▶ [Exercise aim]
Reproduce verbatim the lines of the material below, starting at the line with "Implementación de estrategias" and ending at the line with "这个角色主要以辅助为主,自身", both inclusive; skip the rest.

▶ [Records for processing]
>>

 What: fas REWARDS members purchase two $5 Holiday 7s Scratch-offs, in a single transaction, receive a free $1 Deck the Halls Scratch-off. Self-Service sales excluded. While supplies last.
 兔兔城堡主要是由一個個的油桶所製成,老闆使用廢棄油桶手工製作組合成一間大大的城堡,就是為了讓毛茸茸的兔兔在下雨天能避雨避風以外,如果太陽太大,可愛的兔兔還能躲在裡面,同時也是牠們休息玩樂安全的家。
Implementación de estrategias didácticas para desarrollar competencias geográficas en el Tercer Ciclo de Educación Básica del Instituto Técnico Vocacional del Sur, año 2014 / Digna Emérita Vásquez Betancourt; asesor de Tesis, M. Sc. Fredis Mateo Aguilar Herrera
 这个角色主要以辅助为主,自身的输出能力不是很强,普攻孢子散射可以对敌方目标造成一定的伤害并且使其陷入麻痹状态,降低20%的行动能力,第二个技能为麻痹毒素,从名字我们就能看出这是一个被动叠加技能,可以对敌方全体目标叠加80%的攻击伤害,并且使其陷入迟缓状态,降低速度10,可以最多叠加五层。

<<
>>

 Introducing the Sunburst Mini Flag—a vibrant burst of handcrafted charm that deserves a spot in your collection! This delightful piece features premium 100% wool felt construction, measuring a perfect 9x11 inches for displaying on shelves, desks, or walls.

<<
>>

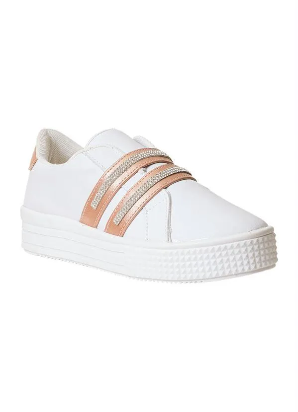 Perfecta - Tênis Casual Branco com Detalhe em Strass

<<

▶ [Response for this exercise]
Implementación de estrategias didácticas para desarrollar competencias geográficas en el Tercer Ciclo de Educación Básica del Instituto Técnico Vocacional del Sur, año 2014 / Digna Emérita Vásquez Betancourt; asesor de Tesis, M. Sc. Fredis Mateo Aguilar Herrera
 这个角色主要以辅助为主,自身的输出能力不是很强,普攻孢子散射可以对敌方目标造成一定的伤害并且使其陷入麻痹状态,降低20%的行动能力,第二个技能为麻痹毒素,从名字我们就能看出这是一个被动叠加技能,可以对敌方全体目标叠加80%的攻击伤害,并且使其陷入迟缓状态,降低速度10,可以最多叠加五层。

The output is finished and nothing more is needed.